The bacterial contaminant Salmonella has challenged food scientists for over 100 years, but much has been learned in the past 30 years that has helped frame food-safety programs for industries such as California Almonds that are geared towards prevention and control of this potentially harmful bacteria.
In a presentation at the Almond Board of California Food Quality & Safety Symposium held in June, Dr. Linda J. Harris of the Department of Food Science and Technology at UC-Davis discussed some of the important developments in Salmonella research that are significant to food safety programs for both growers and processors. These are:
• Salmonella has a low infectious dose. Outbreaks of salmonellosis have been known to occur with only a few cells per serving.
• Salmonella survives a long time in dry conditions and in cold temperatures. In one of Dr. Harris’s trials, almost no loss of bacteria was noted after 450 days when almonds were stored at 4 C (39 F). She cited several outbreaks that were associated with low moisture foods with a long shelf life, such as nuts, seeds, and cereals, but noted that inadvertent moisture played a role in several of these outbreaks.
• Salmonella originates in animal feces, but can be transmitted or spread by several means — insects, birds, in water, by sewage and soil, and even in animal feed.
• Salmonella is very resistant to dry heat.
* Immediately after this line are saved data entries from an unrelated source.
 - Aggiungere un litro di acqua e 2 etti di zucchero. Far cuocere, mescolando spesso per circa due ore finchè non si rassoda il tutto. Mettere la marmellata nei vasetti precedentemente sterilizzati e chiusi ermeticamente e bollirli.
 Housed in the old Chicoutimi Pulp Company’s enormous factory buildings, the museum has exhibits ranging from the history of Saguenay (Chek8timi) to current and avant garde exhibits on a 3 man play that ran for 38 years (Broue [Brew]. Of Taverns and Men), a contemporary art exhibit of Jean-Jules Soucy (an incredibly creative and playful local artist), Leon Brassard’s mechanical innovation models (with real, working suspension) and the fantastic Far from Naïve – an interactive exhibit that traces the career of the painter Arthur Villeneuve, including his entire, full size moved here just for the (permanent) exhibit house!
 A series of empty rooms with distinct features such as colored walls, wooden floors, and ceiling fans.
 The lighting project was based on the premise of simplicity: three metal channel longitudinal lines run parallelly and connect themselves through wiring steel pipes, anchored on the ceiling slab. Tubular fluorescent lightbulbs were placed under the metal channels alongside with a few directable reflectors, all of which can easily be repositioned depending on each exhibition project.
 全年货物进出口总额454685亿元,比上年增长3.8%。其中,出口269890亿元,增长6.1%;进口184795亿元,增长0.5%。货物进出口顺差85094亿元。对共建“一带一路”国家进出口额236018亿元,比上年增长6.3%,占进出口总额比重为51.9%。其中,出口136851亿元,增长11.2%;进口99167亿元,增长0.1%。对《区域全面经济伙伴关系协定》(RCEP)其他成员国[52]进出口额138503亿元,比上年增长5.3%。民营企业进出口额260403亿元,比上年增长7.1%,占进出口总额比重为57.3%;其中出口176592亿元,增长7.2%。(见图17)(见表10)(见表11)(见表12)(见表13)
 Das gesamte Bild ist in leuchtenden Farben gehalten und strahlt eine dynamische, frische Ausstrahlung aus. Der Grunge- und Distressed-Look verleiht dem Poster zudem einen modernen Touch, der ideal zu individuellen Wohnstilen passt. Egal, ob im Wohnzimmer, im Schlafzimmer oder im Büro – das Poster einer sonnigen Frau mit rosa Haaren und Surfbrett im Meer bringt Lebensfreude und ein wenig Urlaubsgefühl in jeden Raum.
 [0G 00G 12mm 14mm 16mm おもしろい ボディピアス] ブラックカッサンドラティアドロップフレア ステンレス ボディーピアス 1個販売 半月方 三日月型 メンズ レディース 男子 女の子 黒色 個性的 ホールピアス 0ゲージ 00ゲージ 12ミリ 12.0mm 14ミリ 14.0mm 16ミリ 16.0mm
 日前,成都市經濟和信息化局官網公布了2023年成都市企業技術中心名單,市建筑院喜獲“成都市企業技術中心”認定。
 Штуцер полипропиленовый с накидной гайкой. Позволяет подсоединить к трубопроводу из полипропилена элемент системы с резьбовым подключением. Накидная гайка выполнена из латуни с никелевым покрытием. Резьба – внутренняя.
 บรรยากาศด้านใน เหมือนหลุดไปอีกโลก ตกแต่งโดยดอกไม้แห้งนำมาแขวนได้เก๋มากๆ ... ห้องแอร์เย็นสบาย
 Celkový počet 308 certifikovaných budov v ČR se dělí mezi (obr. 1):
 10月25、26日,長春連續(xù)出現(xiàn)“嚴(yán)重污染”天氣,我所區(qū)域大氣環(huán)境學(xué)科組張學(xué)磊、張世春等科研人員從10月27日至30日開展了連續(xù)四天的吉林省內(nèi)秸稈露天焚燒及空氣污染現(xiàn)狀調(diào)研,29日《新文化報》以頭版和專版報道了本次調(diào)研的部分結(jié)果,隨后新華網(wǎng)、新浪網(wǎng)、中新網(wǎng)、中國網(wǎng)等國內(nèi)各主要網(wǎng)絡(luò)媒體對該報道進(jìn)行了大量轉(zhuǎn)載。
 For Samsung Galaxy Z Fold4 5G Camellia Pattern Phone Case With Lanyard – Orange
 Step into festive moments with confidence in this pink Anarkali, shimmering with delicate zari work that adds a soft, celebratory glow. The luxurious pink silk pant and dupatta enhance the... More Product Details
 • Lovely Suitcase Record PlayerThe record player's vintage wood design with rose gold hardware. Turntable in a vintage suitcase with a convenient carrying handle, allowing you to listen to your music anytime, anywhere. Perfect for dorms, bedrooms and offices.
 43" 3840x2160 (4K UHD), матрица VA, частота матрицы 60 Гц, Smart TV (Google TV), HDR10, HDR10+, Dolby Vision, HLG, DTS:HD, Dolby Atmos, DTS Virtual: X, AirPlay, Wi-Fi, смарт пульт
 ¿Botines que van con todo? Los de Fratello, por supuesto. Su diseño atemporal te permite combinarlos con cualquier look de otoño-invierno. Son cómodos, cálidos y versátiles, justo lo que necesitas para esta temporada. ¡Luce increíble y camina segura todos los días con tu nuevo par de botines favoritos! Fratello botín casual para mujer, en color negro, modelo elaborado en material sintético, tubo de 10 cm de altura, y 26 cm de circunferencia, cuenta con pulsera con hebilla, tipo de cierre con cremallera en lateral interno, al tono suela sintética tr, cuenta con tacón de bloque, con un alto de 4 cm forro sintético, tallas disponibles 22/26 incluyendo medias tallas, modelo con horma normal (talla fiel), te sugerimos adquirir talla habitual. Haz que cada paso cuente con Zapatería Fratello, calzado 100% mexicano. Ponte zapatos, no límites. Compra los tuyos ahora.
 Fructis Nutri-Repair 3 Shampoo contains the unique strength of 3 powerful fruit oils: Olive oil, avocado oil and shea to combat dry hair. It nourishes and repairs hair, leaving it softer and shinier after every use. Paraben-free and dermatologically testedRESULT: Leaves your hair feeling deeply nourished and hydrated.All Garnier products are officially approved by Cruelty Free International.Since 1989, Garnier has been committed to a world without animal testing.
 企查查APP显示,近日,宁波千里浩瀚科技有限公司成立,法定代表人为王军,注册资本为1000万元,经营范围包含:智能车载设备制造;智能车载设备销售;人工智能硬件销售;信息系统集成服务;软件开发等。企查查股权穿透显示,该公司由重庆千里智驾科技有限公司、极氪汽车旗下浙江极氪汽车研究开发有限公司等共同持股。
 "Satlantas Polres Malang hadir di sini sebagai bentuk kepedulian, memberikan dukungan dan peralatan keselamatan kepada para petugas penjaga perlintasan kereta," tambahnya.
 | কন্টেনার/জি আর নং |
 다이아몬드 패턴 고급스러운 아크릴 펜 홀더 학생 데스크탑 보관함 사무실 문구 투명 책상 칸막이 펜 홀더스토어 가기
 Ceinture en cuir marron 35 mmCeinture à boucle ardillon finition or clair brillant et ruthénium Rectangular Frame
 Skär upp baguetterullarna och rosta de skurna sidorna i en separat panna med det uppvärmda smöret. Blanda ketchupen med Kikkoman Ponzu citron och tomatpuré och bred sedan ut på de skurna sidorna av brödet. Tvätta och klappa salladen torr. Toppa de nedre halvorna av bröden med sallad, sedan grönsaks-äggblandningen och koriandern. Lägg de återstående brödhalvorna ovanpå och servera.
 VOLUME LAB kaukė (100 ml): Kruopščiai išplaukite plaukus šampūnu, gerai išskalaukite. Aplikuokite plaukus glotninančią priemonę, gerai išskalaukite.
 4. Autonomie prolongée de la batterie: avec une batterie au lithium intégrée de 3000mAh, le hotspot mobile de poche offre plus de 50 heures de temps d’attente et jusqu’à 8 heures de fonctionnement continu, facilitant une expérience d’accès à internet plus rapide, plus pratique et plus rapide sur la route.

The temperatures that rapidly kill the organism in moist foods have little or no impact on an almond. This is why it can be a challenge to validate some types of heat processes.
Moisture in the orchard or in the processing plant can encourage growth of bacteria, including Salmonella. In the orchard, almonds get wet from unseasonable rain or irrigation water applied too close to harvest. Using water in a cleaning and sanitation program presents a special challenge, as Salmonella grows in wet almond dust.
Dr. Harris did note that over several years of conducting pathogen surveys on almonds, the percent of positive samples and number of Salmonella present on almonds was low under ordinary circumstances.
These low levels are what the 4-log reduction rule was based on, and why it is important that growers continue to apply Good Agricultural Practices to ensure these levels are maintained.